Federica Araco et Nathalie Galesne
The old, peeling plastic chair is empty. It sits among a small fry of dilapidated objects and scattered waste. The prostitute who usually shows herself there is probably busy with a client, in the car or hidden in the pine forest. If the chair is overturned, on the ground, it’s a sign that she has not yet begun her “laborious work.” On this road, which is just a few kilometers long and which connects the Via Cristoforo Colombo—one of the main arteries of Rome—to the sea of Ostia, most of the women sex workers come from Nigeria. How did they end up luring clients on these poor public roads?
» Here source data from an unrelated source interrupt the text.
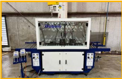
Dubois "SR-12" Linear Feed-Thru Sprayer – 6-Station (2022) "Never used"
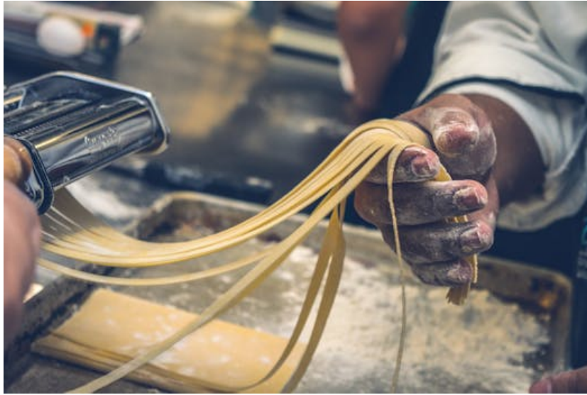
Figure 1: Fresh ingredients used in pasta making.
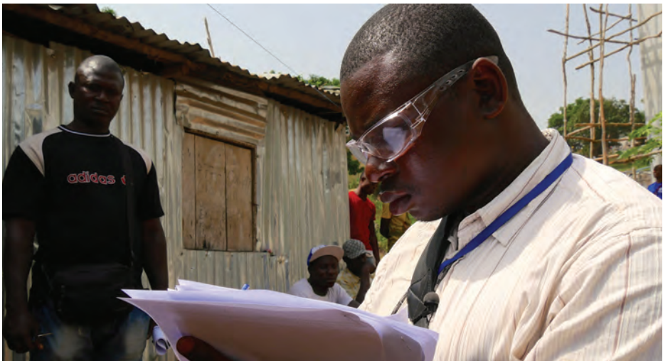
Medical student and district surveillance officer investigating suspected Ebola cases in Western Region of Sierra Leone.

As part of continuous pre-epidemic preparedness, countries should review their laws, policies and practices on data sharing to ensure that they adequately protect the confidentiality of personal information and address other relevant ethical questions, such as settling disputes about the ownership or control of surveillance data. Efforts should be made to ensure that rapid sharing of surveillance information with immediate implications for protecting public health and advancing the common good should not preclude subsequent publication in a scientific journal (87).
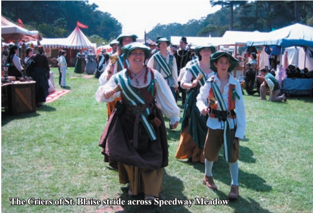
The Criers of St. Blaise stride across Speedway Meadow

them there by chance or by design. We're lucky to have two Ren Faires in the Bay Area now. We used to have only one, in Novato, which I still think was the best. But then again, that might
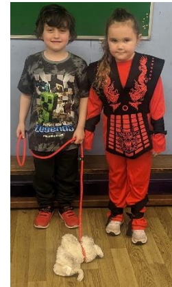
A dog walker and a Ninja
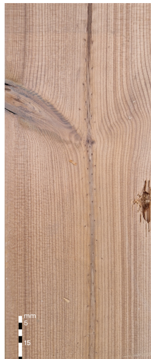
Mechanical defects A grade: Not allowed, except 80 mm ends of board B grade: Allowed, up to 300 mm long, max 0,5 pc. x board length, m
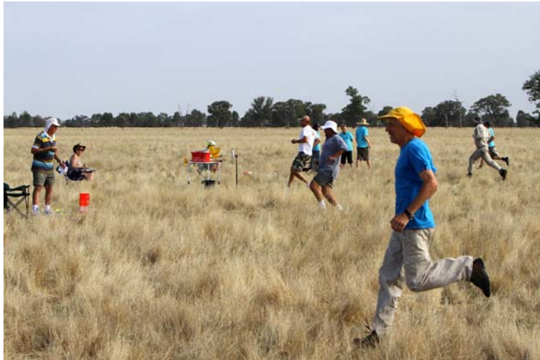
Fig. 4 Le Mans start of the Scrambles event!

At the end of the hour most pilots are happy to hear the CD call "Stop all watches". If you have been trying to win, you will be very exhausted. There is usually a wait while the CD adds up the scores of each contestant and the models are returned to the line and runners are able to relax. The places are then announced from last to first, and
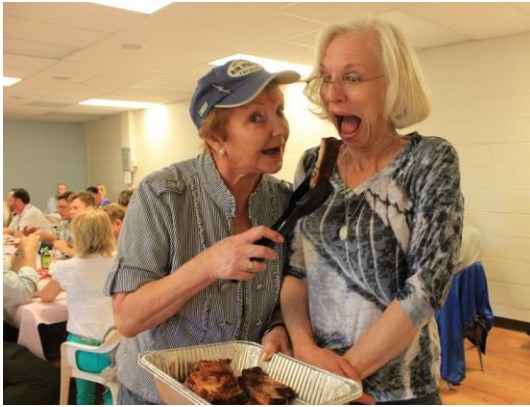
Being extremely health conscious, we always taste the food before we serve it to our customers.

In the past, sex workers most frequented the Via Salaria in Rome, but collisions, daily accidents, and increasingly intense police checks pushed many women to move to semi-rural roads, abandoned industrial zones, or streets on which clients can stop more easily: to the south of the capital, they are on Via Cristoforo Colombo, Viale Guglielmo Marconi, Via Laurentina; in the north, they roam the streets of Torre di Quinto and Via della Marcigliana, while to the east of the city, they work in shacks or on makeshift mattresses hidden in the recesses of Via Longoni and Via Severini. There is a constant rotation along these routes. The intensity of these rotations fluctuates with the seasons.
Trafficking data
But let’s move away from Rome for a moment to better understand how prostitution fits into a broader international context. In 2021, women and girls accounted for 56.2% of the total number of victims of trafficking, the majority of whom were to be swallowed up into the prostitution circuit (1).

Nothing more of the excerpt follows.